Researchers show that it is possible to employ bioglycerol as a multipurpose grinding additive for the manufacture of cement, with better performance than pure glycerol, reports Decoded Science in article by Clara Piccirillo
Bioglycerol, or crude glycerol, is impure glycerol obtained as a by-product in the biodiesel industry.
Cements with bioglycerol are produced with lower energy consumption and the finished concrete structures have significantly better mechanical properties and corrosion resistance.
Considering the use of natural resources, for instance, data indicate that almost a quarter of the raw materials extracted from the lithosphere are employed in construction.
The manufacture of cement is one of the most environmentally impacting of mankind’s activities. The cement fabrication process requires heating the cement components (i.e. limestone, clay, sand, etc.) at no less than 1600 oC for the “clinker” mixture to be formed. Further energy is then required to grind the clinker into a fine powder, and for the cooling process. Overall, the calcination and grinding processes account for 80% of energy consumption, while power for the cooler accounts for the remaining 20%.
Reducing Construction’s Impact
To try to reduce the construction industry’s impact on the environment, researchers have been trying to modify the fabrication process; the challenge is to make the process more sustainable without compromising the quality of the cements. This is especially important for higher grade cements used for advanced construction.
A way to obtain good quality cement using less energy is the use of grinding additives; these are generally organic molecules which favor the grinding process – i.e. the formation of small micrometric particles from the clinker. This, in turn, leads to a decrease in the energy required in the process.
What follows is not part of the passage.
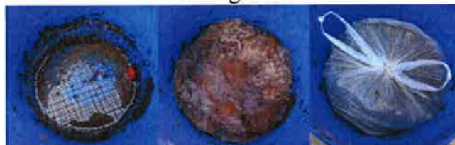
Einblick: Hasendraht, Gardine und sandgefüllter Müllbeutel

Examples of Cement Grinding Additives (CGAs) include triethanolamine, diethylene glycol and glycerol.
Glycerol is a polyalcohol and cientists are well aware of its potential as a CGA. However, using glycerol in the concrete construction industry has historically been restricted due to the high price of the pure substance.
In 2005, however, some Italians researchers had the idea to use bioglycerol, or crude glycerol, and could see the potential of this approach. Both ‘bioglycerol’ and ‘crude glycerol’ are terms that refer to glycerol obtained as a by-product of biodiesel production.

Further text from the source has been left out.